- cross-posted to:
- linuxhardware@programming.dev
- cross-posted to:
- linuxhardware@programming.dev
The link makes it seem like crap hardware, and sure 4gb of ram is really crappy. But how does this compare with one of my kid’s Fire tablets? Does anyone have opinions on that?
If your kids software is available in Ubuntu maybe? At a glance I’d wonder how power efficient it would be (my $100 Walmart tablet lasts all week with light usage, I doubt this could compare), and would have to wonder as well on gpu performance. It’s likely not optimized yet so idk I’d trust 800 mhz as enough.
I think the article sums it up best:
It’d be a ton of fun to tinker with and if you have the money to risk I’d say go for it! But I wouldn’t buy this for a kid unless I had the extra $150 to potentially get them a normal android tablet if this didn’t work as well as hoped.
probably not in a first release, but Android is convulted piece of shit compared to linux desktop environments. Not to mention Google’s and/or OEMs built-in system apps running 24/7 guzzling all your data in the background.
In time, I guess it would beat out in performance and efficiency but lose in the availability of applications, same as desktop linux.
Almost certainly, and get security updates something I’d very much want if I let the tablet off the local network. I would love to see this thing get to that point to ditch android entirely.

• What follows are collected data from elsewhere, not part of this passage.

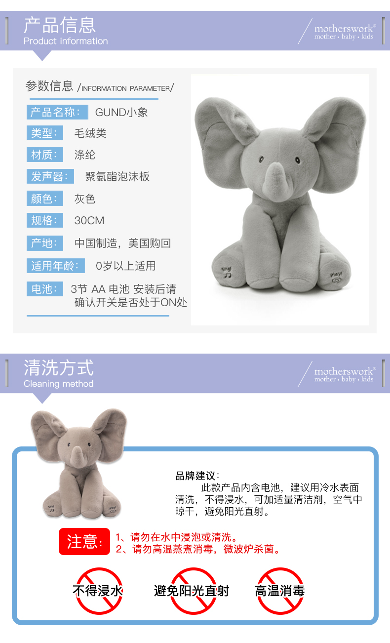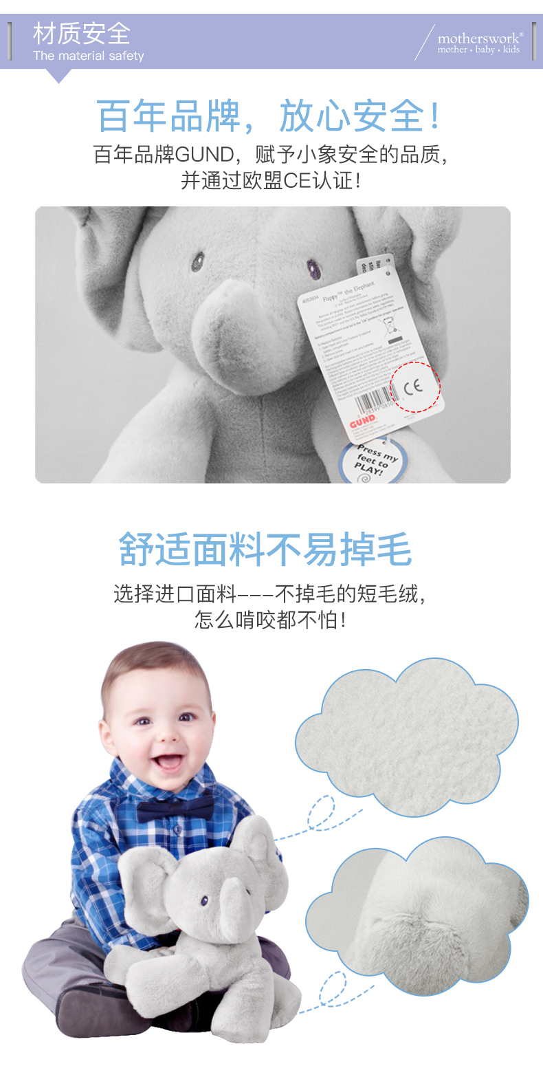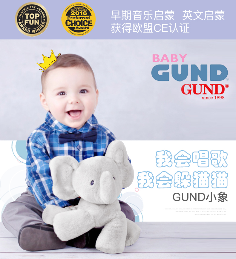 BABY GUND 菲比小象躲猫猫会唱歌 毛绒玩偶
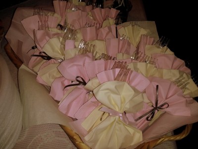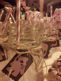 Susan and her daughters created and gave the most lovely baby shower party for Carolyn and Kathryn last week. Perfection of pink and cream and brown in every possible way: drinking mugs, napkins, cake, confections, and a banner. Lovely.
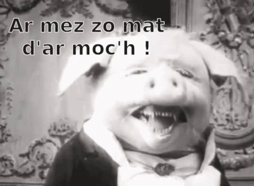 A black and white image of a pig-like character with a wide grin, featuring the Breton caption 'Ar mez zo mat d'ar moc'h!'.
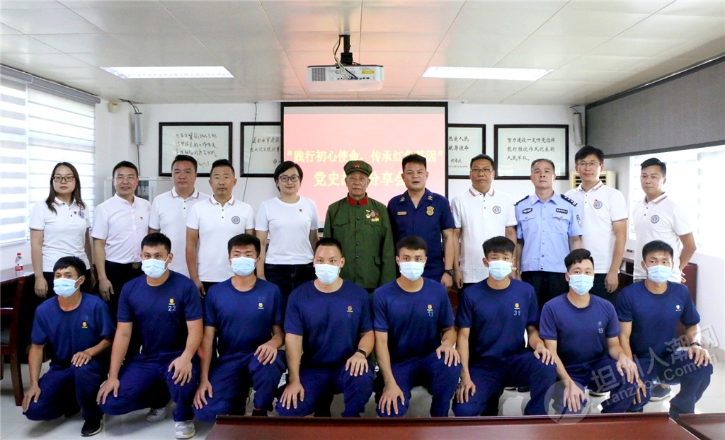 感人至深的英雄事跡,使與會(huì)黨員干部沉浸其中,深刻感受到了每一枚紅色勛章所承載的歷史記憶。中隊(duì)消防員、坦洲鎮(zhèn)民兵海防巡邏排排長(zhǎng)黃俊謙說(shuō):“聆聽了鄭叔生動(dòng)的紅色故事,我備受鼓舞,作為一名基層消防員和民兵骨干,在今后的工作中我要發(fā)揚(yáng)革命前輩的優(yōu)良傳統(tǒng),爭(zhēng)做時(shí)代新人,為坦洲消防救援事業(yè)和海防應(yīng)急搶險(xiǎn)工作貢獻(xiàn)自己的青春和熱血!” ▲與會(huì)人員和參戰(zhàn)老兵鄭金洪合影留念
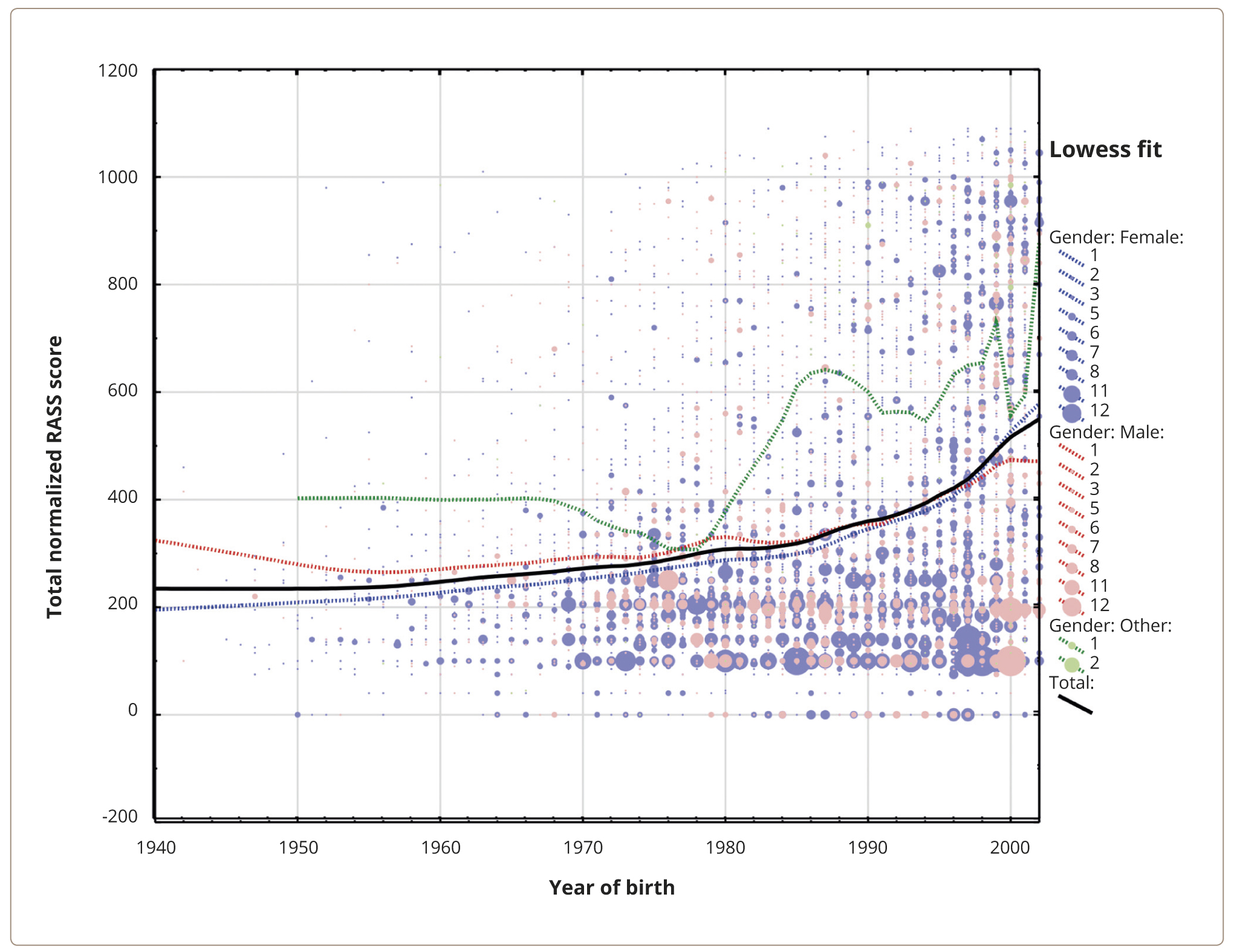 Those variables that survived in the LASSO regression after minimal Lambda values were achieved were entered as either categorical or continuous predictors, respectively, into two General linear regression best subset models with R2 selected as a goodness criterion and the total standardized RASS score as the dependent variable. For the general regression model with the ordinal variables treated as categorical, an ANOVA with post-hoc Bonferroni correction for multiple comparisons was performed to calculate the total RASS score mean values (Mean) with 95% confidence intervals (CIs) across the categories and to evaluate the between-group comparisons.

This is really meant to serve as a development platform though, so the price and capabilities probably matter less, and the default settings and such are probably not as tuned as they could be to offer the best performance or battery life.
I don’t even think power management tools in stock Linux take RISCV into account yet lol
Power management on “the most boring Intel chip imaginable” is still touch-and-go at times.